Media

Media analyst trashes ‘unfriendly’ ad-laden streaming

TV Everywhere is nowhere.

In a colorful rant aimed at the media executives gathering in Sun Valley this week for Allen & Co.’s annual mogulfest, one media analyst blasted the current state of TV Everywhere — the five-year-old concept introduced by Time Warner that was supposed to save the media ecosystem as we know it.

It was to do so by “authenticating” existing cable-company subscribers so they can access the same content piped into their homes by streaming it through all sorts of mobile devices.

The concept’s execution, however, has been so “viewer unfriendly” that the analyst, Rich Greenfield of BTIG, considers it more a step back than forward.

“Online video should be so much more compelling of a user experience, not the same (or even worse) than traditional television,” he wrote in his plea to end what he called “ad nauseam.”

To make his case, Greenfield dissected a recently streamed episode of TNT’s “The Last Ship.”

On completing the exercise, he found that TV Everywhere viewers had to endure 20 minutes of unskippable commercials and promotions to watch 45 minutes of the program they wanted to see.

(Network TV, by comparison, has only 14¹/₄ minutes of commercials for each hour of programming.)

Compounding viewer misery was excessive repetition within the streamed program’s 20-minute commercial block.
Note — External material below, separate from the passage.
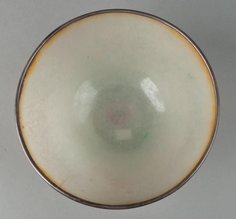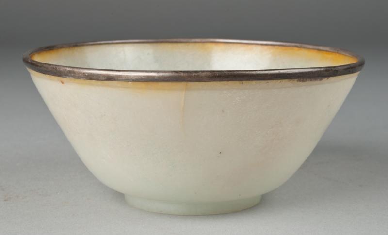 A very fine jade bowl of translucent jade with an extremely fine polish, with finely carved foot ring, and silver rim, 5.5"W x 2.5"H, circa mid. Qing period, very nice piece.

Three Chevy ads ran in a single break, for example, whereas the same Verizon ad appeared four times throughout the episode.

Greenfield found the streaming exercise so frustrating he predicted that, rather than continue to pay hefty cable fees, hordes of future cord cutters will elect to “wait a year for the content to come out on an ad-free SVoD [subscription video on demand] platform such as Netflix.”

Either that or they’ll revert to pirating — which, the analyst noted, “never has ads, is free and is very easy to watch.”